📜 ⬆️ ⬇️

Comparison of solutions for balancing high-load systems

Once again, we publish transcripts of speeches from the HighLoad ++ conference, which was held in Skolkovo near Moscow on November 7—8, 2016. Today, Evgeny Piven introduces us to balancing solutions in the clouds.



My name is Zhenya, I work for IPONWEB. Today we will talk about the development of our solutions in balancing high-load systems.
')
First, I will go over the concepts with which I will operate. Let's start with what we do: RTB, Real Time Bidding - the display of advertising with the auction in real time. A very simplified diagram of what happens when you visit the site:



In order to show advertisements, a request is sent to the RTB server, which requests their bids from the ad servers and then decides which ad to show you.

IPONWEB Features


We have all the infrastructure in the clouds. We are very active in using Amazon and GCE, we have several thousand servers. The main reason why we live completely in the clouds is scalability, that is, we really often need to add / remove instances, sometimes a lot.

We have millions of requests per second, all these HTTP requests. This may not be fully applicable to other protocols. We have very short answers. Maybe not, I think, on average, from one to several kilobytes of responses. We do not operate with any large volumes of information, just a very large number of them.

For us, caching is not relevant. We do not support CDN. If our clients need CDN, then they themselves are engaged in these solutions. We have very strong daily and event fluctuations. They manifest themselves during holidays, sporting events, some seasonal discounts, etc. Daily allowances can be seen well on this schedule:



The red graph is the usual standard graph in a European country, and the blue graph is Japan. On this graph, we see that every day at about twelve we have a sharp jump, and at about an hour the traffic drops sharply. This is due to the fact that people go to lunch, and as very decent Japanese citizens, they use the Internet actively most at lunch. This is very well seen on this graph.

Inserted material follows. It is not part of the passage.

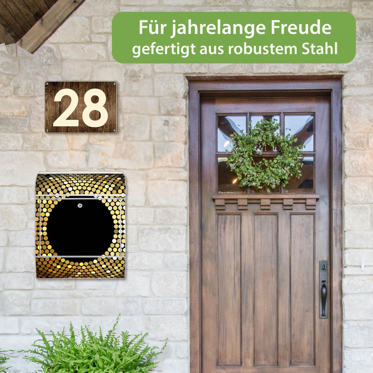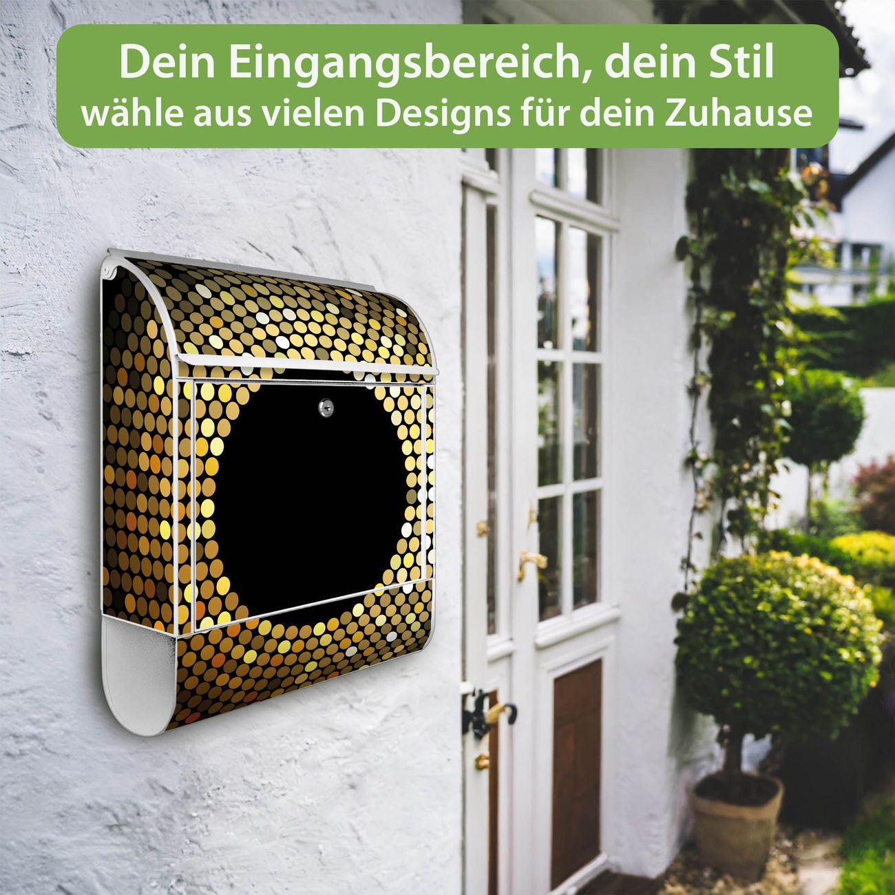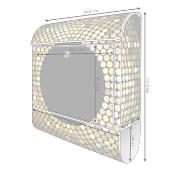 DESIGN: Der Postkasten mit Motiv Motiv WT Gold Disco hat ein sehr ansprechendes und ausgefallenes Design, damit entlocken Sie Ihren Nachbarn und dem Postboten ein Lächeln. Heben Sie Sich von der tristen grauen Masse ab, ohne auf Funktionalität zu verzichten. DETAILS: Der Postkasten besteht aus pulverbeschichtetem Stahl. Er ist 38x46x12,5cm groß. Das Motiv besteht aus einer wetter- und UV-resistenten Folie, die mit einem Schutzlaminat überzogen ist, sodass der Briefkasten zusätzlich vor Kratzern geschützt ist. Der Briefkasten wird mit Montagematerial, zusätzlich zwei Schlüssel sowie einer Bohrschablone geliefert. NUTZEN: Sie können diesen Briefkasten sowohl als Wandbriefkasten montieren oder einen passenden Ständer kaufen und als Standbriefkasten einbetonieren. Die Größe bietet genügend Platz für Sendungen aller Art, der Einwurf fasst auch größere A4 Sendungen. BANJADO: Ihr Briefkasten wird in Sachsen in einer kleinen Manufaktur von Hand veredelt. Die Motivfolie ist lösungsmittelfrei und schutzlaminiert für einen langen Halt. Wir legen großen Wert auf die Verbindung von Funktionalität und Design. Sie erhalten Handarbeit aus Sachsen.

We have a wide range of users around the world. This is the second big reason why we use clouds. It is very important for us to respond quickly, and if the servers are located in some other regions from users, then this is often unacceptable for RTB realities.

And we have a clear distinction between server and user traffic. Let us return to the scheme that I showed on the first slide. For simplicity, all that comes from the user to the primary RTB server is user traffic, all that happens behind it is server traffic.



Why balance?


The two main reasons are the scalability and availability of services .

Scalability is when we add new servers, when we are from one server that can no longer cope, we grow to at least two, and between them we must somehow scatter requests. Availability is when we are afraid that something will happen to this one server. Again, you need to add a second one in order to somehow balance all of this and distribute requests only to those servers that can answer them.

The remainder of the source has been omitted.